We analyzed sequence identity of the first and second shell residues around the common functional sites compared to the rest of the residues. We defined the first shell residues as those within a distance of 5 Å of a known functional residue. The second shell residues were defined as the group of residues within 5 Å from the first shell residues. Sequence similarity scores were calculated using a PAM-250 matrix with the gap penalty of −11. We found that the first and second shell residues showed higher sequence similarity (Figure S6). Among the 471 structure pairs of membrane and soluble proteins, 412 structure pairs have higher sequence similarity at the first and second shell residues than other regions (Table S3). For example, the first and second shell residues around common functional sites of envelope structure-factor (1BHY) and bovine heart phosphotyrosyl phosphatase (1PNT) have higher sequence similarity than the rest of the residues (Figure S7A). The first and second shell residues of functional sites have a sequence similarity score of 123, whereas other residues have a sequence similarity score of 51.3. Also, the first and second shell residues of the functional sites of penicillin-binding protein (1K25) and Oxa-10 β-lactamase (1E4D) had higher sequence similarity than the rest of the residues (Figure S7).

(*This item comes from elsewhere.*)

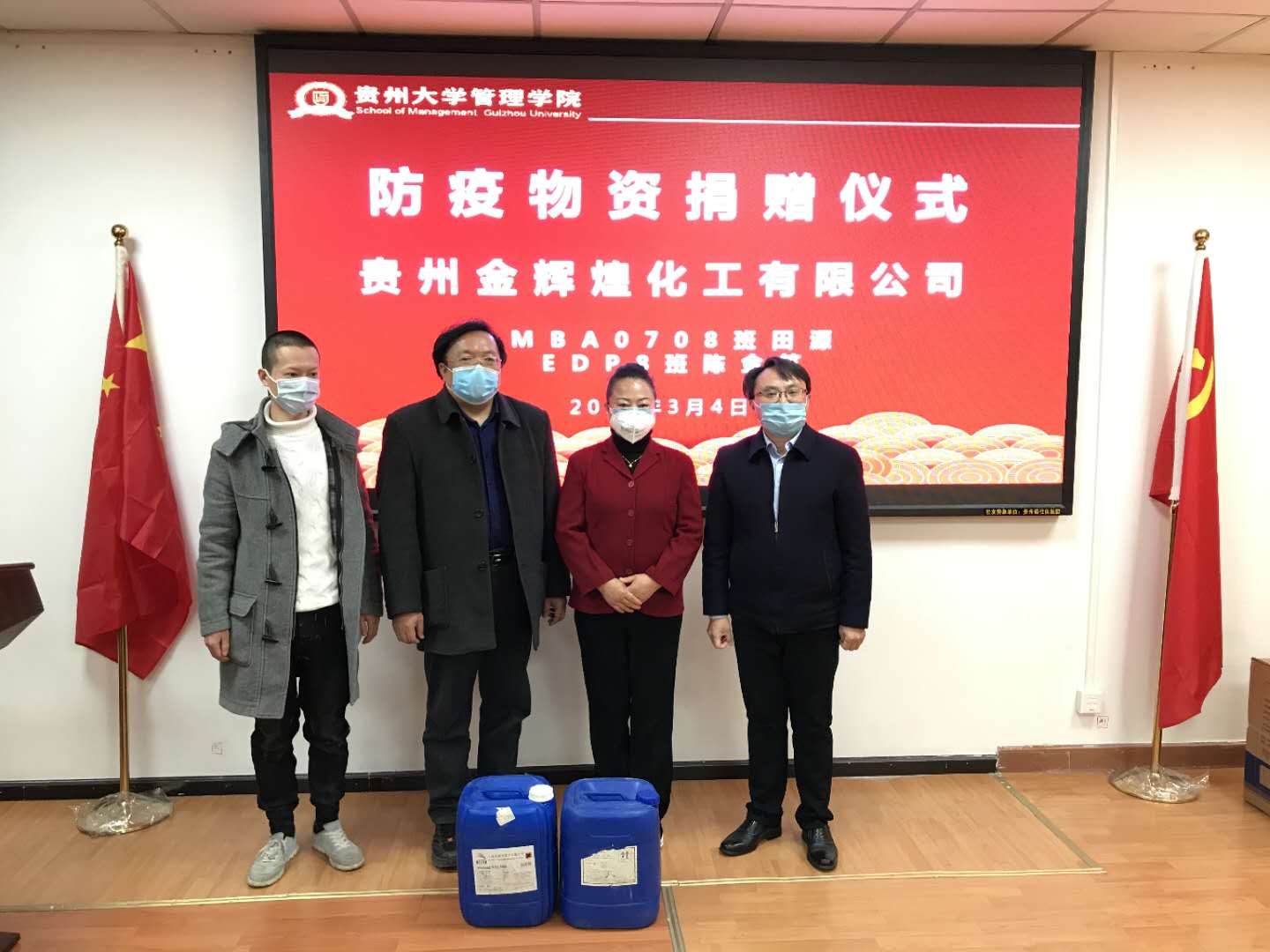 沧海横流,方显英雄本色。困难当前,方显责任担当。疫情发生以来,社会各界都在防控疫情、复工复产复教方面积极贡献力量。3月4日上午10:30,一场暖心的捐赠仪式在乐动官方网站陈列室举行。为在疫情防控物资紧缺的关键时刻,助力贵州大学“停课不停教、停课不停学”,经乐动官方网站联系对接,乐动官方网站校友企业贵州省中小企业服务集团捐赠口罩3000只,贵州金辉煌化工有限公司捐赠84消毒液1吨。乐动官方网站党委书记王秀峰,院长李烨,副院长王婷、宋山梅,办公室主任陈健,对外合作办公室主任王云,EMBA14期班贵州中小企业集团董事总经理孙大奎及办公室人员,MBA0708班贵州金辉煌化工有限公司总经理田源、EDP八班陈金筑出席了捐赠仪式,宋山梅副院长主持捐赠仪式。

We compared the functional annotations of membrane and soluble protein domains that share conserved functional residues. We discovered that 41% (28) of membrane protein domains share same the functional annotations with soluble domains and 31% (21) of membrane protein domains do not have functional annotation (Figure S8). Thus, these membrane protein functions can be inferred from the functional annotation of soluble proteins. But, 26% (18) of membrane protein domains turned out to have ambiguous functional annotations whose annotation were dissimilar but somewhat related. For example, membrane protein 1NRF has been annotated as beta-Lactamase/D-ala carboxypeptidase and soluble counterpart 2G2U has been annotated as beat-lactamase-inhibitor protein. We provide the list of functional annotation of membrane and soluble protein domains that share common functional residues (Table S4)

We examined how frequently shared domains between membrane and soluble proteins were found from same SCOP folds. Of 87 structurally similar domains, 60 (68.9%) extramembrane domains and soluble protein domain shared same SCOP folds, whereas 27 (31.1%) domains appeared in different SCOP folds (Figure S9A and Table S5). The number of fold types annotated for membrane proteins is much smaller than that of soluble proteins (Figure S9B). Specifically, structural pairs that share same SCOP fold were usually found from the extramembrane regions of membrane proteins. Meanwhile, structural pairs with different SCOP folds were mostly found from fold annotations assigned to whole membrane protein structures including both transmembrane and extramembrane regions.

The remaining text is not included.